>>>
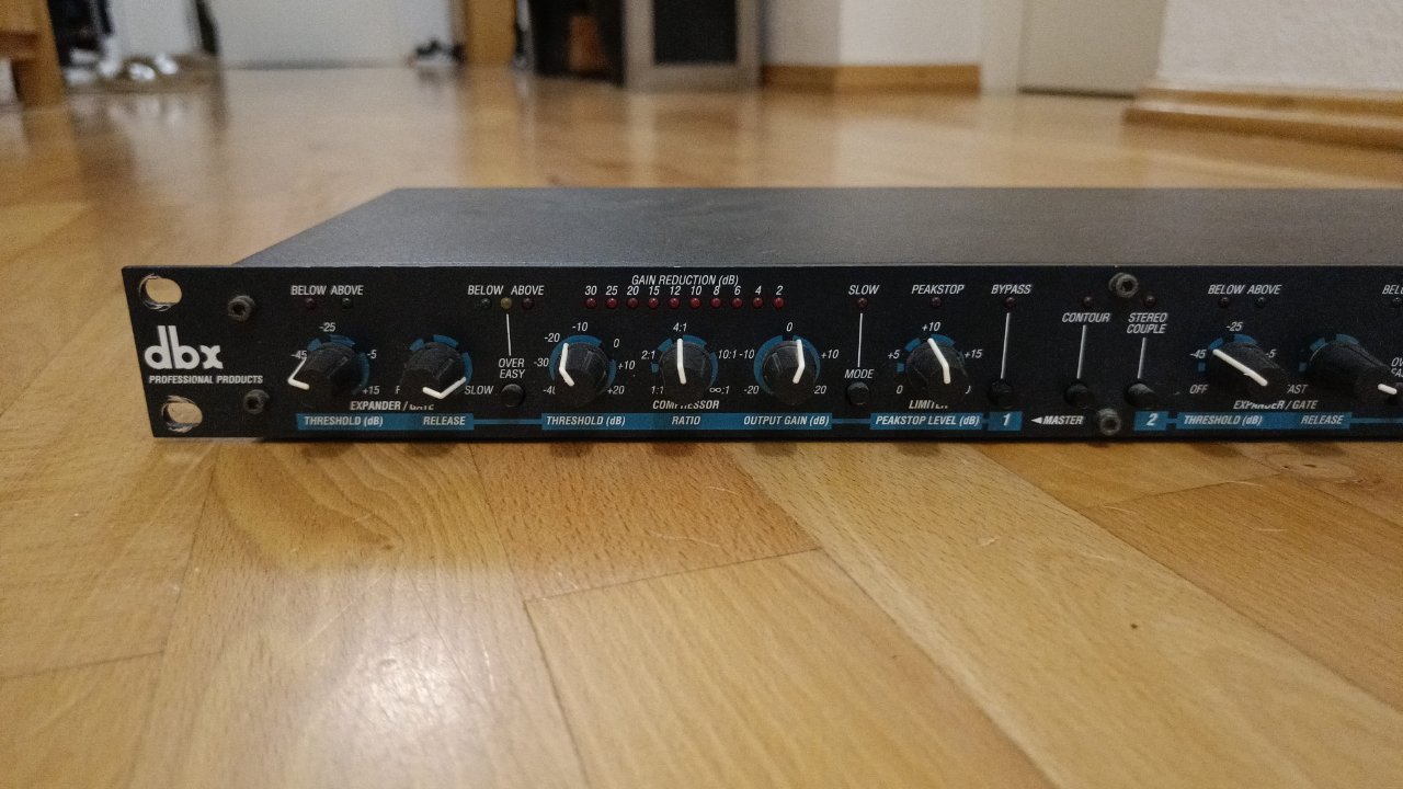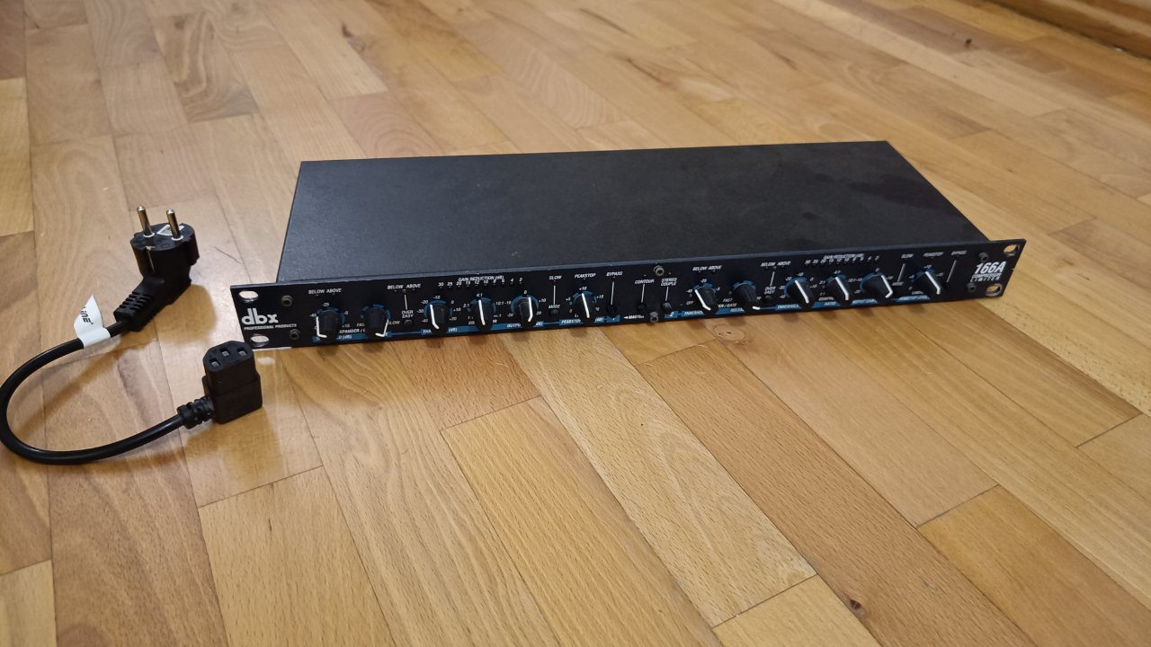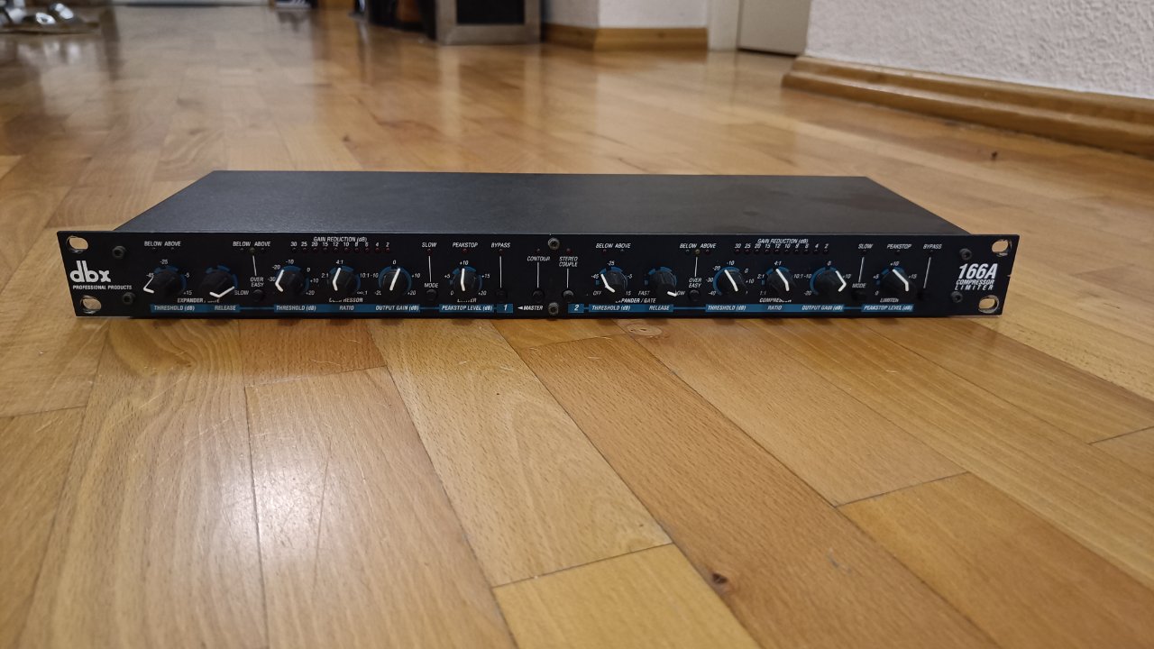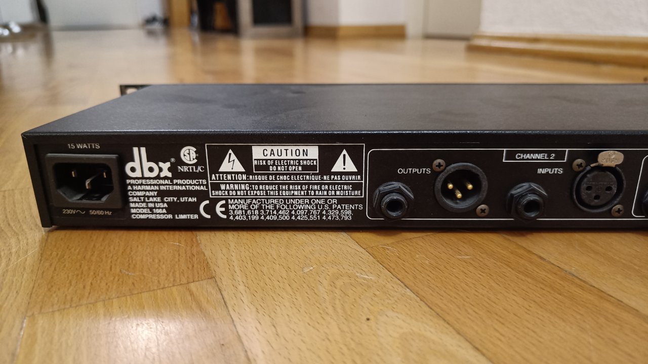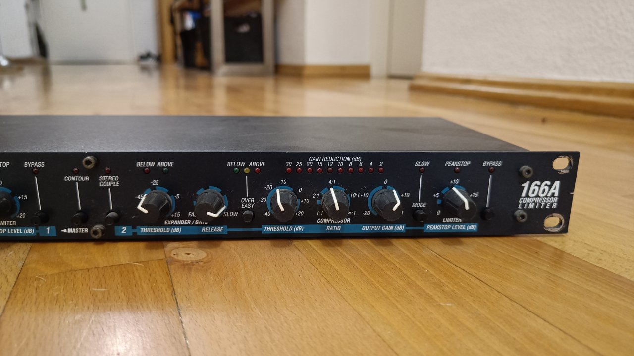 Verkaufe wegen Equipment-Umstellung einen 2-Kanaligen Rack-Kompressor/Gate/Limiter DBX 166A. Funktioniert, wie er soll. Kratzer Unterseite von Rackeinbau. Sonst normale Gebrauchsspuren (s. Fotos). Kleines Stromkabel für kurzen Anschluss im Rack ist dabei (s. Foto)
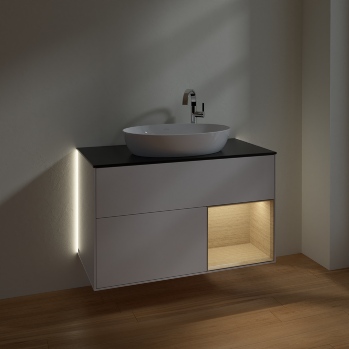 Тумба под раковину Villeroy & Boch Finion 100х50,1 см с подсветкой МДФ глянцевый белый лак/стекло черное матовое
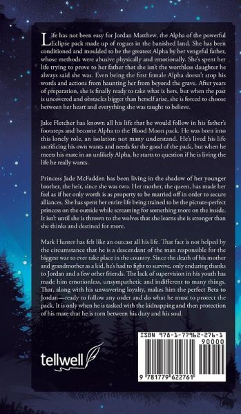 Life has not been easy for Jordan Matthew, the Alpha of the powerful Eclipse pack made up of rogues in the banished land. She has been conditioned and moulded to be the greatest Alpha by her vengeful father, whose methods were abusive physically and emotionally. She's spent her life trying to prove to her father that she isn't the worthless daughter he always said she was. Even being the first female Alpha doesn't stop his words and actions from haunting her from beyond the grave. After years of preparation, she is finally ready to take what is hers, but when the past is uncovered and obstacles bigger than herself arise, she is forced to choose between her heart and everything she was taught to believe. Jake Fletcher has known all his life that he would follow in his father's footsteps and become Alpha to the Blood Moon pack. He was born into this lonely role, an isolation not many understand. He's lived his life sacrificing his own wants and needs for the good of the pack, but when he meets his mate in an unlikely Alpha, he starts to question if he is living the life he really wants. Princess Jade McFadden has been living in the shadow of her younger brother, the heir, since she was two. Her mother, the queen, has made her feel as if her only worth is as property to be married off in order to secure alliances. She has spent her entire life being trained to be the picture-perfect princess on the outside while screaming for something more on the inside. It isn't until she is thrown to the wolves that she learns she is stronger than she thinks and destined for more. Mark Hunter has felt like an outcast all his life. That fact is not helped by the circumstance that he is a descendant of the man responsible for the biggest war to ever take place in the country. Since the death of his mother and grandmother as a kid, he's had to fi ght to survive, only enduring thanks to Jordan and a few other friends. The lack of supervision in his youth has made him emotionless, unsympathetic and indifferent to many things. That, along with his unwavering loyalty, makes him the perfect Beta to Jordan-ready to follow any order and do what he must to protect the pack. It is only when he is tasked with the kidnapping and then protection of his mate that he is torn between his duty and his soul.
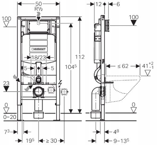Рамка прихованого монтажу Geberit Duofix для підвісних унітазів, 112 см, зі зливним бачком Sigma 12 см
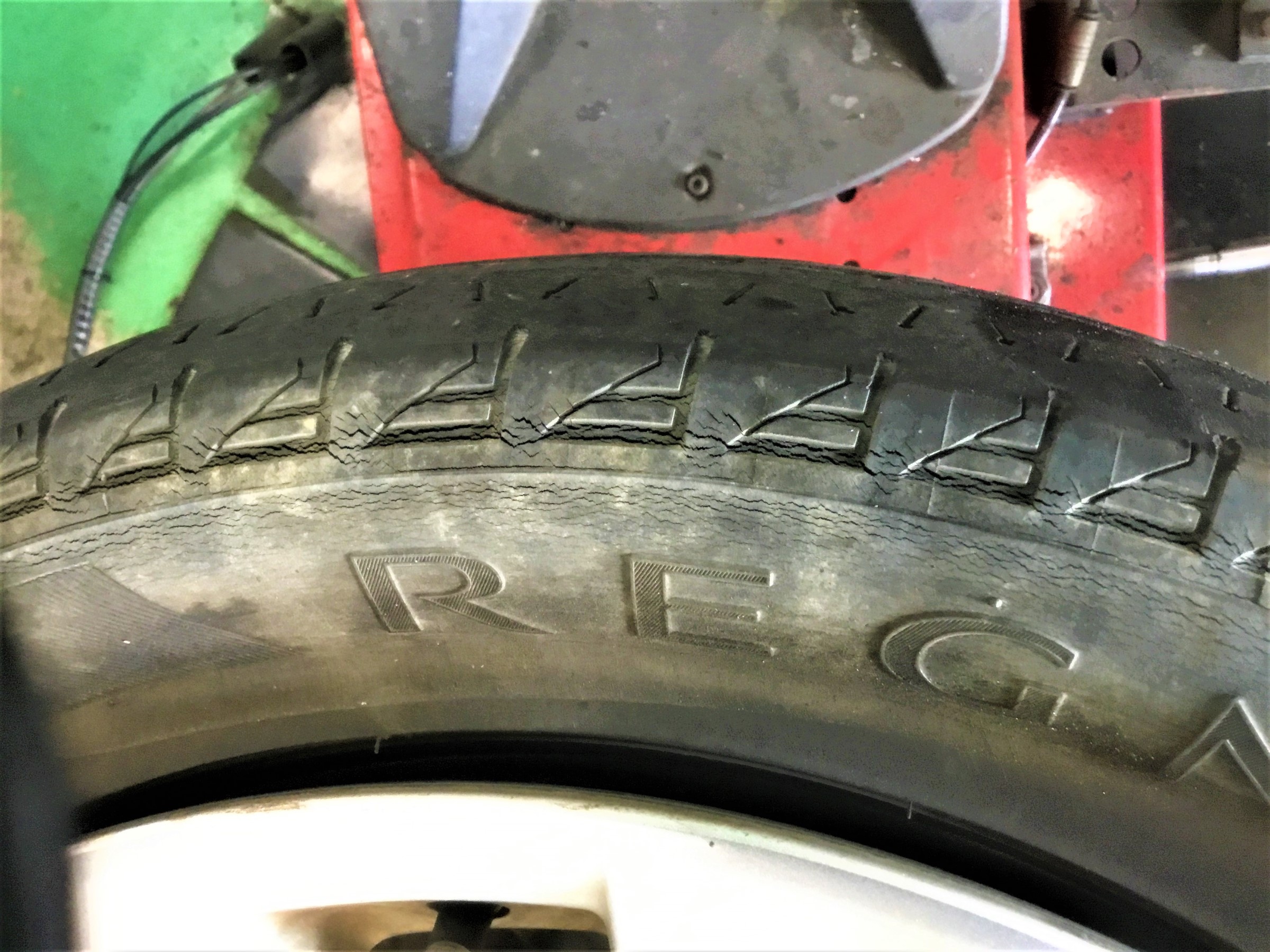 2012年製造のタイヤだったので経年劣化でのひび割れが多いですね(・_・;)大きくて重たいミニバンでこれは怖い・・・!
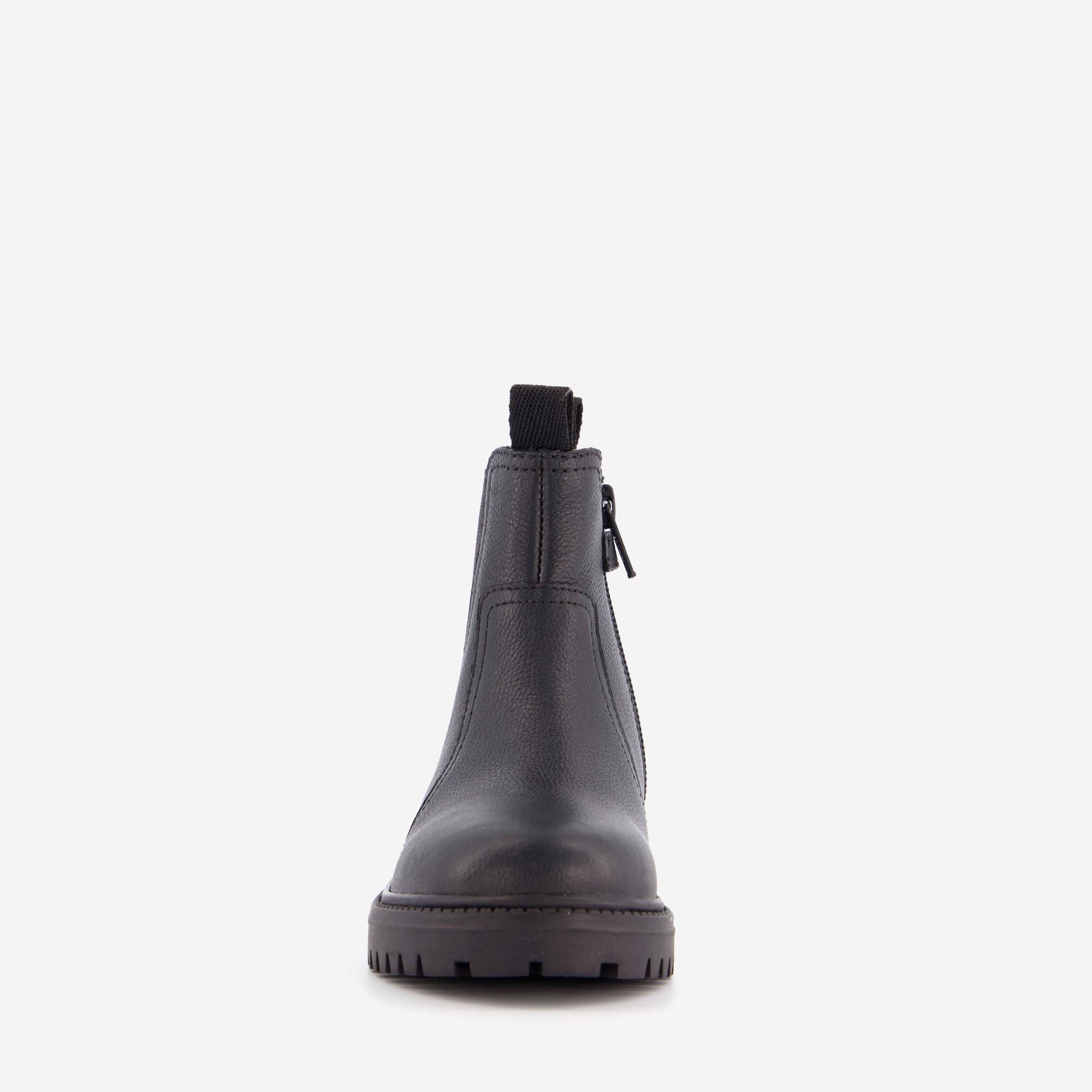 Zwarte Chelsea boots voor jongens en meiden van Hush Puppies. Gemaakt van leer, een binnenwerk van textiel en een stevige profielzool van rubber. De boots hebben een elastische inzet aan de buitenzijde, een ritssluiting met klittenbandje aan de binnenzijde en lusjes bij de instap. Het comfortabele voetbed is gemaakt van leer. Deze is niet uitneembaar. Schachthoogte is 10 cm.
<<<
Strip out the images, then output the records above word for word.

 Verkaufe wegen Equipment-Umstellung einen 2-Kanaligen Rack-Kompressor/Gate/Limiter DBX 166A. Funktioniert, wie er soll. Kratzer Unterseite von Rackeinbau. Sonst normale Gebrauchsspuren (s. Fotos). Kleines Stromkabel für kurzen Anschluss im Rack ist dabei (s. Foto)
 Тумба под раковину Villeroy & Boch Finion 100х50,1 см с подсветкой МДФ глянцевый белый лак/стекло черное матовое
 Life has not been easy for Jordan Matthew, the Alpha of the powerful Eclipse pack made up of rogues in the banished land. She has been conditioned and moulded to be the greatest Alpha by her vengeful father, whose methods were abusive physically and emotionally. She's spent her life trying to prove to her father that she isn't the worthless daughter he always said she was. Even being the first female Alpha doesn't stop his words and actions from haunting her from beyond the grave. After years of preparation, she is finally ready to take what is hers, but when the past is uncovered and obstacles bigger than herself arise, she is forced to choose between her heart and everything she was taught to believe. Jake Fletcher has known all his life that he would follow in his father's footsteps and become Alpha to the Blood Moon pack. He was born into this lonely role, an isolation not many understand. He's lived his life sacrificing his own wants and needs for the good of the pack, but when he meets his mate in an unlikely Alpha, he starts to question if he is living the life he really wants. Princess Jade McFadden has been living in the shadow of her younger brother, the heir, since she was two. Her mother, the queen, has made her feel as if her only worth is as property to be married off in order to secure alliances. She has spent her entire life being trained to be the picture-perfect princess on the outside while screaming for something more on the inside. It isn't until she is thrown to the wolves that she learns she is stronger than she thinks and destined for more. Mark Hunter has felt like an outcast all his life. That fact is not helped by the circumstance that he is a descendant of the man responsible for the biggest war to ever take place in the country. Since the death of his mother and grandmother as a kid, he's had to fi ght to survive, only enduring thanks to Jordan and a few other friends. The lack of supervision in his youth has made him emotionless, unsympathetic and indifferent to many things. That, along with his unwavering loyalty, makes him the perfect Beta to Jordan-ready to follow any order and do what he must to protect the pack. It is only when he is tasked with the kidnapping and then protection of his mate that he is torn between his duty and his soul.
Рамка прихованого монтажу Geberit Duofix для підвісних унітазів, 112 см, зі зливним бачком Sigma 12 см
 2012年製造のタイヤだったので経年劣化でのひび割れが多いですね(・_・;)大きくて重たいミニバンでこれは怖い・・・!
 Zwarte Chelsea boots voor jongens en meiden van Hush Puppies. Gemaakt van leer, een binnenwerk van textiel en een stevige profielzool van rubber. De boots hebben een elastische inzet aan de buitenzijde, een ritssluiting met klittenbandje aan de binnenzijde en lusjes bij de instap. Het comfortabele voetbed is gemaakt van leer. Deze is niet uitneembaar. Schachthoogte is 10 cm.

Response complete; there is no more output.